Brief Summary: A lawyer suffers from a guilty conscience and takes less money to represent the homeless.

The Street Lawyer was a bad idea. Even people who like these type of preachy novels would question Grisham's choice for writing this story. Yes, homeless life is a tragic situation, there is no doubt about that, and given the right situation it might be an interesting story. This novel, however, is not one of them.

The book begins with a homeless man walking into a firm, holding all the lawyers hostages. Well, by chapter two, he is dead and everything is back to normal. Except for one lawyer, Michael Brock. He seems to suffer a guilty conscience after the event that he witnesses first hand.

A high profile person, is he, who keeps the money rolling in. However, because of this situation, he suddenly beings to think about all the homeless people and their sad plight. After meeting a man who takes minimum wage, at least for a lawyer, to represent the street people (hence a "Street Lawyer"), Michael decides this is the life for him. All the while he begins to notice dirty looks from everyone - including his own wife, for giving up his material riches and glory. Well, as it turns out, Brock's prior firm was up to no good. He finds evidence of a particular crime and holds it against them. They try to ruin his reputation where it all goes down to a court case at the end of the book. The ending is very flat, mind you, so don't expect too much.

This book does begin strong, like most of Grisham's novels, but it suffers from details that force the story to, at times, become rather sluggish.

It also suffers by coming off to "preachy". While we recognize that the homeless life is not fair, there is just a way that Grisham presents it that seems insincere.

The main characters are anything but memorable. Even the first person dialogue that worked so well in The Rainmaker failed here. In fact, the story would at times go back and forth between whose perspective we were actually reading through.

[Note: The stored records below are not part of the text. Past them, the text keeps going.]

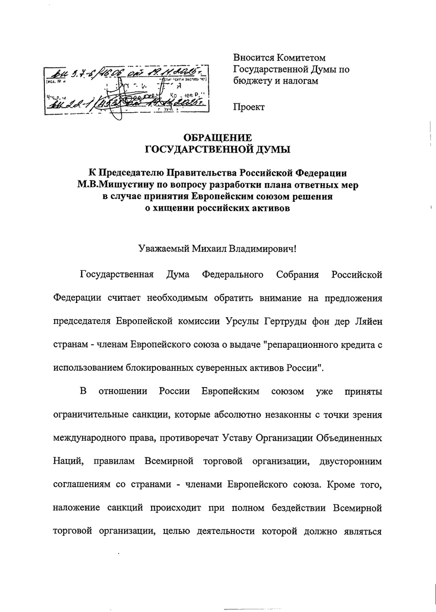 С 2022 года страны ЕС постарались максимально заблокировать наши активы. Со временем одной заморозки им показалось недостаточно. И политики Евросоюза начали обсуждать, как вовсе лишить нас собственности. Хочется предостеречь вороваек от необдуманных поступков: чужое добро впрок не пойдет. Мы не потерпим откровенных хищений. Будут ответные меры, если Запад посягнет на наше имущество.
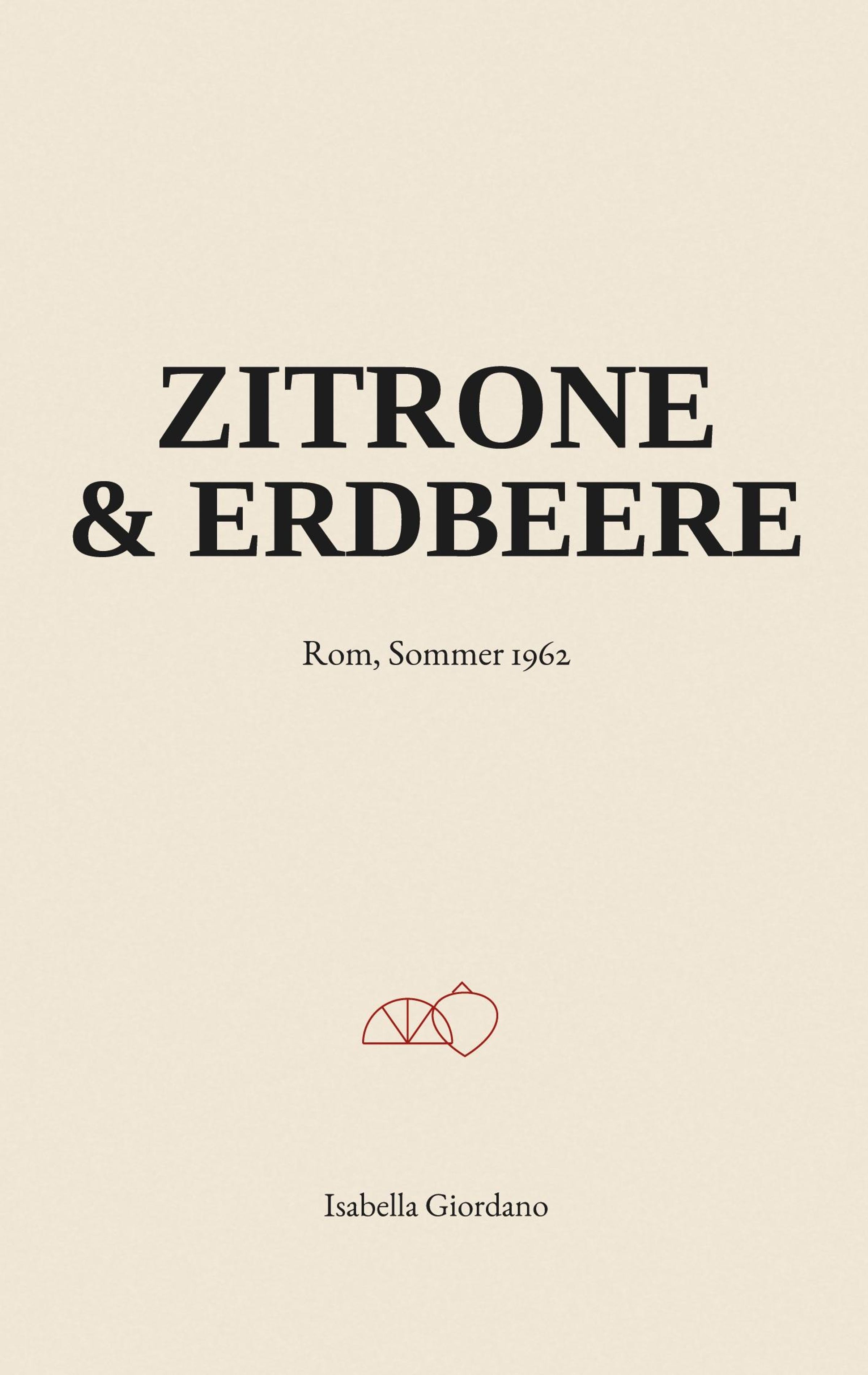 „Zitrone & Erdbeere“, „Rom, Sommer 1962“, „Isabella Giordano“. Illustration einer Zitrone und Erdbeere in Rot., Buch
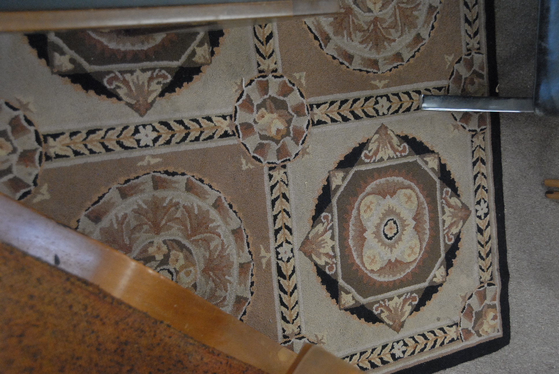 Two scatter rugs hooked rug and carpet with floral design 5’5 x 8’5 and 5’3 x 7’10.
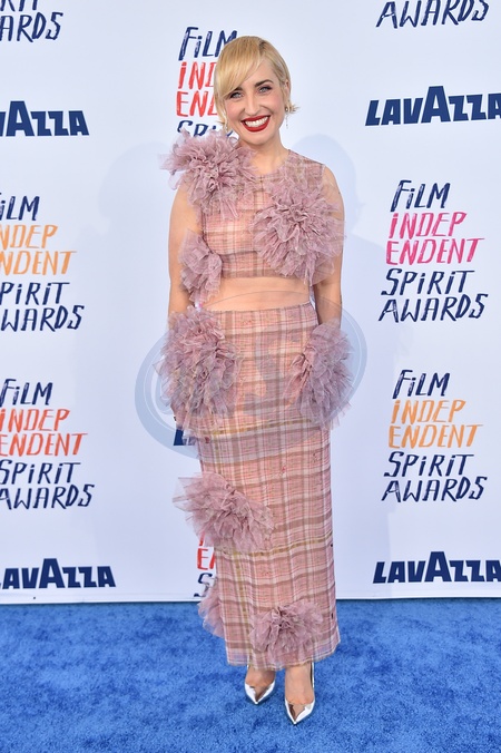 Zoe Lister Jones arriving to the 2024 Film Independent Spirit Awards at the Santa Monica Beach on February 25, 2024 in Santa Monica
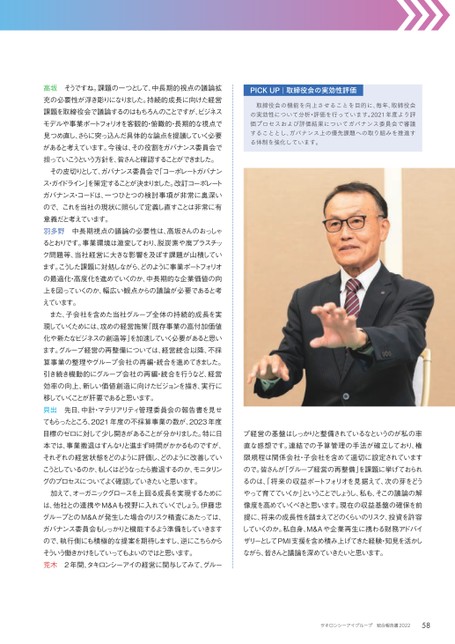 高坂そうですね。課題の一つとして、中長期的視点の議論拡充の必要性が浮き彫りになりました。持続的成長に向けた経営課題を取締役会で議論するのはもちろんのことですが、ビジネスモデルや事業ポートフォリオを客観的・俯瞰的・長期的な視点で見つめ直し、さらに突っ込んだ具体的な論点を提議していく必要があると考えています。今後は、その役割をガバナンス委員会で担っていこうという方針を、皆さんと確認することができました。その皮切りとして、ガバナンス委員会で「コーポレートガバナンス・ガイドライン」を策定することが決まりました。改訂コーポレートガバナンス・コードは、一つひとつの検討事項が非常に奥深いので、これを当社の現状に照らして定義し直すことは非常に有意義だと考えています。羽多野中長期視点の議論の必要性は、高坂さんのおっしゃるとおりです。事業環境は激変しており、脱炭素や廃プラスチック問題等、当社経営に大きな影響を及ぼす課題が山積しています。こうした課題に対処しながら、どのように事業ポートフォリオの最適化・高度化を進めていくのか、中長期的な企業価値の向上を図っていくのか、幅広い観点からの議論が必要であると考えています。また、子会社を含めた当社グループ全体の持続的成長を実現していくためには、攻めの経営施策「既存事業の高付加価値化や新たなビジネスの創造等」を加速していく必要があると思います。グループ経営の再整備については、経営統合以降、不採算事業の整理やグループ会社の再編・統合を進めてきました。引き続き機動的にグループ会社の再編・統合を行うなど、経営効率の向上、新しい価値創造に向けたビジョンを描き、実行に移していくことが肝要であると思います。貝出先日、中計・マテリアリティ管理委員会の報告書を見せてもらったところ、2021年度の不採算事業の数が、2023年度目標のゼロに対して少し開きがあることが分かりました。特に日本では、事業撤退はすんなりと進まず時間がかかるものですが、それぞれの経営状態をどのように評価し、どのように改善していこうとしているのか、もしくはどうなったら撤退するのか、モニタリングのプロセスについてよく確認していきたいと思います。加えて、オーガニックグロースを上回る成長を実現するためには、他社との連携やM&Aも視野に入れていくでしょう。伊藤忠グループとのM&Aが発生した場合のリスク精査にあたっては、ガバナンス委員会もしっかりと機能するよう準備をしていきますので、執行側にも積極的な提案を期待しますし、逆にこちらからそういう働きかけをしていってもよいのではと思います。荒木2年間、タキロンシーアイの経営に関与してみて、グループ経営の基盤はしっかりと整備されているなというのが私の率直な感想です。連結での予算管理の手法が確立しており、権限規程は関係会社・子会社を含めて適切に設定されていますので。皆さんが「グループ経営の再整備」を課題に挙げておられるのは、将来の収益ポートフォリオを見据えて、次の芽をどうやって育てていくか」ということでしょうし、私も、そこの議論の解像度を高めていくべきと思います。現在の収益基盤の確保を前提に、将来の成長性を踏まえてどのくらいのリスク、投資を許容していくのか。私自身、M&Aや企業再生に携わる財務アドバイザリーとしてPMI支援を含め積み上げてきた経験・知見を活かしながら、皆さんと議論を深めていきたいと思います。PICKUP|取締役会の実効性評価取締役会の機能を向上させることを目的に、毎年、取締役会の実効性について分析・評価を行っています。2021年度より評価プロセスおよび評価結果についてガバナンス委員会で審議することとし、ガバナンス上の優先課題への取り組みを推進する体制を強化しています。58
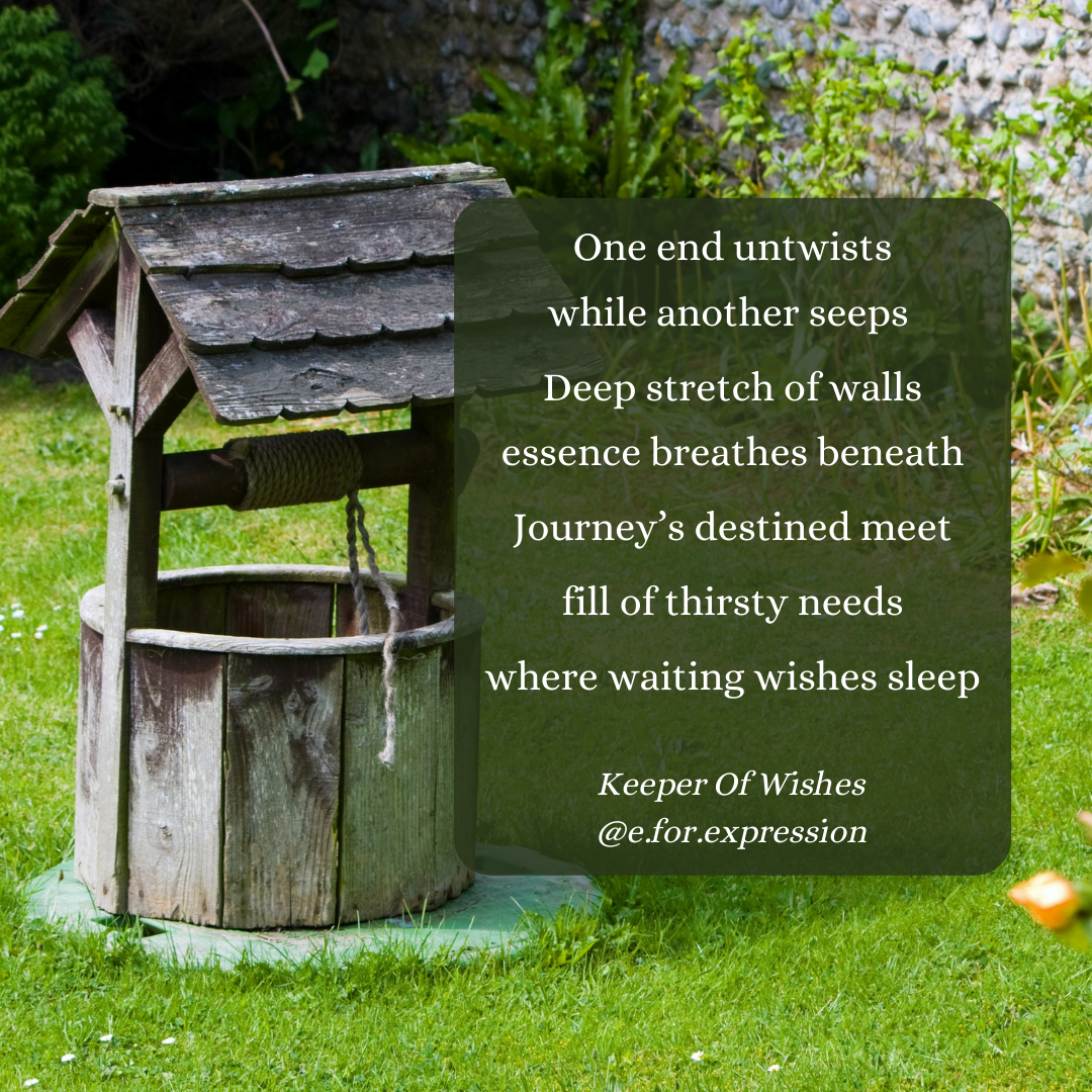 Keeper Of Wishesawesome1oo (33)in #poem • 4 years ago One end untwists while another seeps Deep stretch of walls Essence breathes beneath Journey's destined meet Fill of thirsty needs where waiting wishes sleep Keeper Of Wishes #poetry #well #wish #journey #sleep #wall #need

Basically, you will like the The Street Lawyer if you can appreciate the main theme of "helping out the homeless wherever you can", if you are a social worker and dedicate much of your life to this as Michael Brock did. While I appreciate the concept, it did not translate into a well told story. At the very least - it was easy reading like the rest of Grisham's books; so I was able to read through the drudgery faster.